The second major issue with MIPs is that some targets are difficult to be used as templates in the imprinting process as they have either very high toxicity or low solubility in the polymerization solution [20]. One of approaches suggested to counter this problem is to use analogues complementary to substructures of the target in which appropriate templates were selected as alternatives to the target substrates, named as structural analogues or pseudo-templates [25]. Another approach known as fragment imprinting technique uses templates possessing hydrogen bondable functional groups that could substitute the real templates in the preparation of MIPs [26]. Fragment imprinting technique is an efficient method to prepare MIPs with specific recognition ability to many water pollutants.

Following challenges exist in the successful use of MIPs for management of waste water: (i) In situ regeneration of MIPs which have fully adsorbed the target pollutants (ii) Synthesis of MIPs which are compatible in water and (iii) Increasing the stability and duration of MIPs in highly reactive environments.
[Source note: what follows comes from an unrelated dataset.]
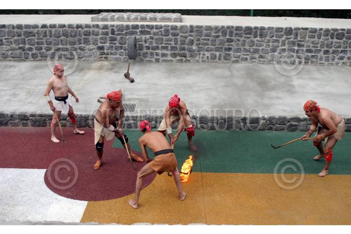 MEXICO, D.F., 17OCTUBRE2005.- Se realizó la inauguración de una cancha de juego de pelota prehispánico en el Museo Nacional de Antropología. En la imagen una desmostración de Ulama en Tregua por parte de Miguel Montoya Camacho. FOTO: Moisés Pablo/CUARTOSCURO.COM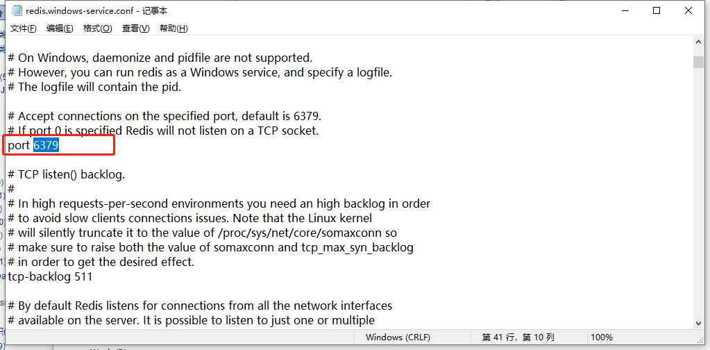 找开redis.windows-service.conf文件可查看redis端口,用于连接redis。

Use of advanced oxidation processes (AOPs) should be promoted for treating biologically toxic or non-degradable organic pollutants present in waste water [20]. The integration of available molecular imprinting technology with AOPs (for example MIPs-TiO₂) might be the best approach for removing pollutants from water bodies. A number of significant fundamental challenges regarding the mechanisms underlying the imprinting technique remain to be explored and many opportunities for applications are still to be exploited. I am confident that the journal “Organic chemistry: Current Research” from OMICS Publishing Group will not only act as a platform for addressing some of the above key issues in the use of MIPs in mitigating environmental pollution but also their applications in other areas such as food and drug industries.